» TASK ITEM
The records that follow are to be repeated in full, with no pictures retained.

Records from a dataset
________

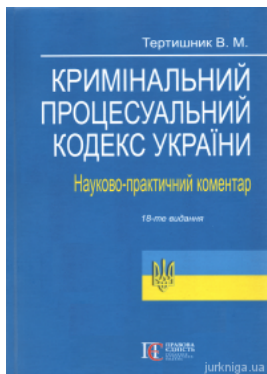
Науково-практичний коментар Кримінального процесуального кодексу України. Видання 18-те
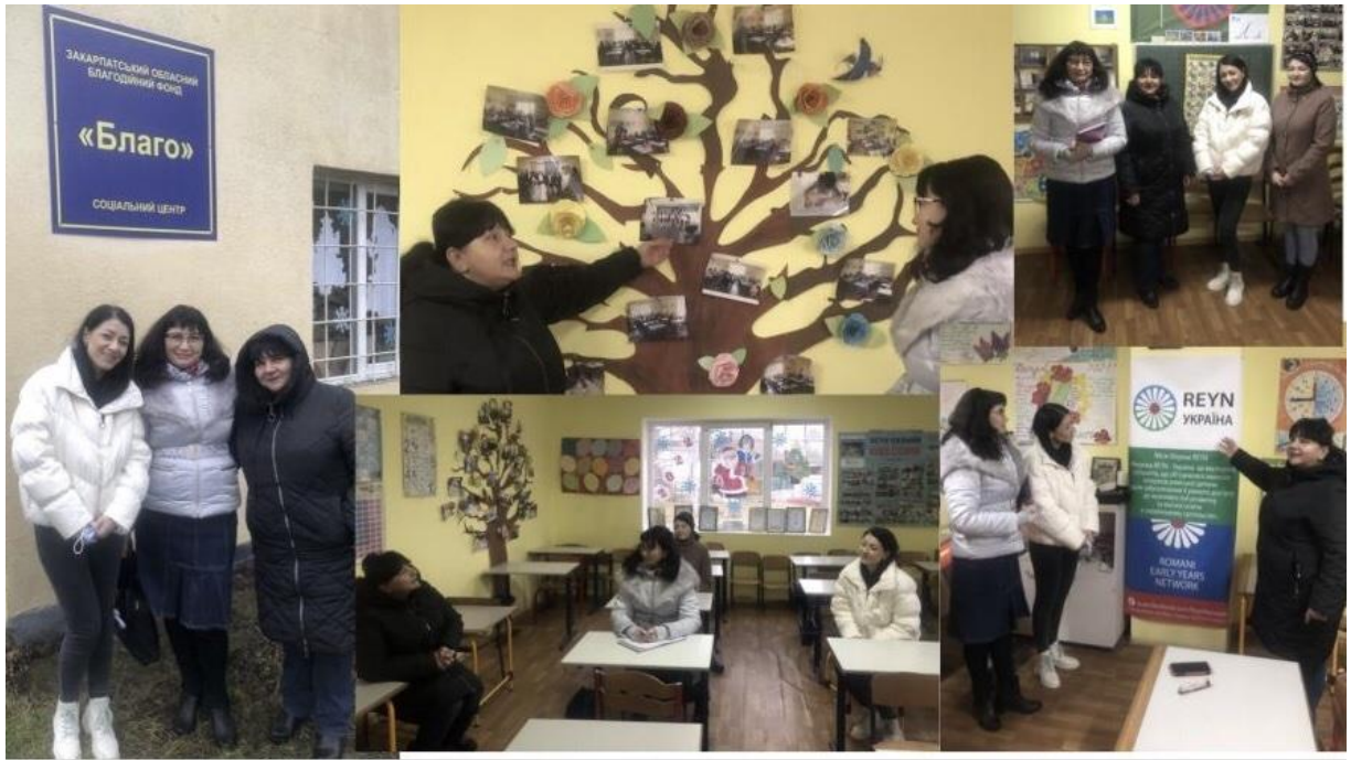
Рис. 3. Зустріч представників кафедри загальної педагогіки та педагогіки вищої школи із Закарпатським обласним благодійним фондом «Благо» та ГО «Карпатська фундація»

Отже, висновкуємо, що як під час традиційного, так і під час дистанційного навчання у майбутніх учителів початкової школи формуються компетенції, які дозволяють реалізувати програми інклюзивного навчання. Ці компетенції допоможуть майбутньому вчителю взаємодіяти з дітьми та родиною для вирішення проблем інклюзивної освіти. Також майбутні вчителі початкової школи беруть участь у різних формах (університетських, дистанційних) і видах (семінари, практикуми, тренінги, вебінари, майстер-класи тощо) неформальної освіти, отримують сертифікати, що дозволяє їм здобути додаткові бали.
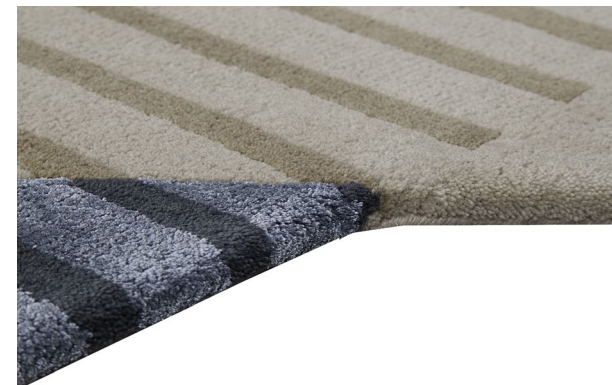
détails – details – detalles
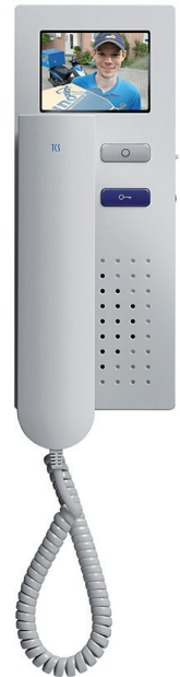
Innenstation mit Hörer IVH3222-0140

Bei Fragen zur Planung nutzen Sie die Beratung der technischen Hotline 041 94 - 988 11 88 (deutsches Festnetz)

________

» OUTPUT
Науково-практичний коментар Кримінального процесуального кодексу України. Видання 18-те
Рис. 3. Зустріч представників кафедри загальної педагогіки та педагогіки вищої школи із Закарпатським обласним благодійним фондом «Благо» та ГО «Карпатська фундація»

Отже, висновкуємо, що як під час традиційного, так і під час дистанційного навчання у майбутніх учителів початкової школи формуються компетенції, які дозволяють реалізувати програми інклюзивного навчання. Ці компетенції допоможуть майбутньому вчителю взаємодіяти з дітьми та родиною для вирішення проблем інклюзивної освіти. Також майбутні вчителі початкової школи беруть участь у різних формах (університетських, дистанційних) і видах (семінари, практикуми, тренінги, вебінари, майстер-класи тощо) неформальної освіти, отримують сертифікати, що дозволяє їм здобути додаткові бали.
détails – details – detalles
Innenstation mit Hörer IVH3222-0140

Bei Fragen zur Planung nutzen Sie die Beratung der technischen Hotline 041 94 - 988 11 88 (deutsches Festnetz)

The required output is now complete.